In 1252 (650) Bayju Khan, governor of Azerbaijan and Armenia for the Golden Horde, suddenly appeared before Mayafariqin and demanded its surrender. Al Kamil Muhammad had managed to get out of the city with his family to the safety of Hasankeyf and from there he sent his brother al Ashraf Musa to petition Batu Khan for Mayyafariqin's autonomy. Batu agreed to hold off invading Mayyafariqin if Al Kamil Muhammad would go in person to the Great Khan Möngke in Karakorum to present his submission. Al Kamil agreed and in February 1253 (650) he set off bearing rich gifts. When he arrived in Karakorum he found a number of other Emirs paying their respects to the Great Khan and offering submission.

The Mongols had no intention of allowing these domains to remain even nominally independent, but their strategy involved taking Baghdad first, before moving on to other centres in due course. There was thus a few years’ respite for Mayyafariqin. Ultimately though Al Kamil's efforts were in vain. He even attempted to send troops in the Siege of Baghdad (1258) in support of the Caliph against Hulagu, but his army did not arrive in time for the siege, and had to turn back when Baghdad fell.

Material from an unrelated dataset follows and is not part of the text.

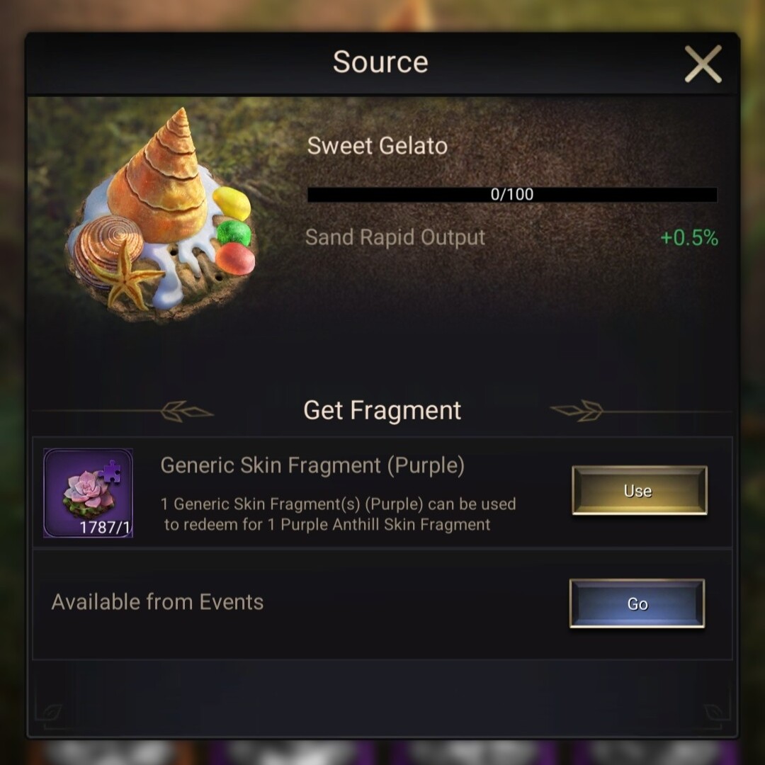 By doing the levels on [Force Of…] events, you earn purple anthill fragments that you will use later to redeem purple anthill skins.
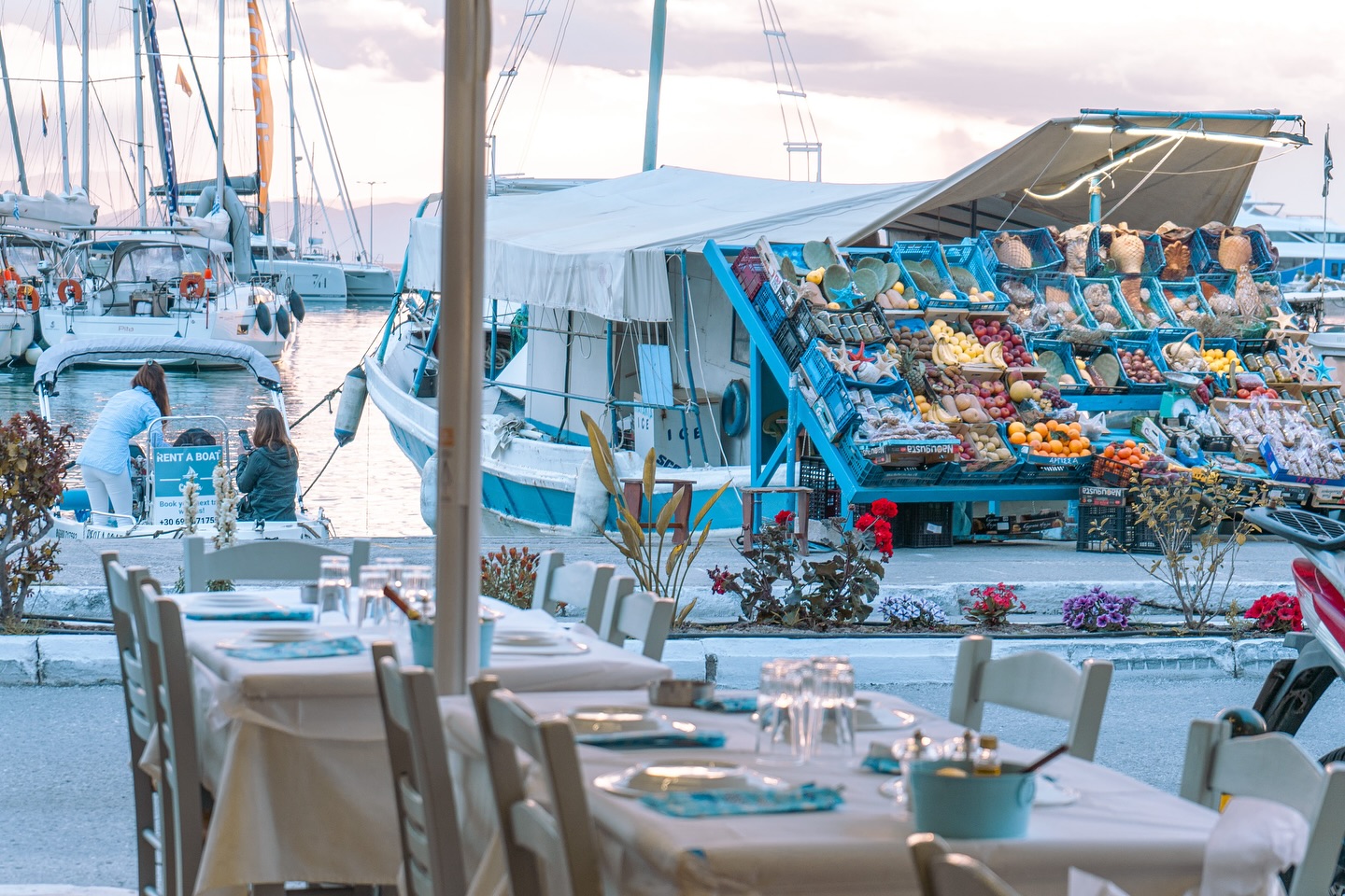 We walked the length of it, attuned to the hum of the fish market where restaurateurs and locals rush in early for the day’s catch. We paused at the outdoor fruit and vegetable stalls, bright with fresh produce, then chose our first coffee of the day directly across the street, at the traditional coffeehouses along the promenade.

The Mongol armies returned in force, and started the Siege of Mayyāfāriqīn (1259–1260). There was a harsh and bitter siege with vigorous resistance to the attackers, which lasted two years. Finally Al Kamil was killed when Mayyafariqin fell to the Mongols on 7 April 1260 (23 Rabia II 658). Of the remaining Ayyubid states in Syria, Aleppo was brutally conquered, while Homs, Hama and Damascus submitted peacefully.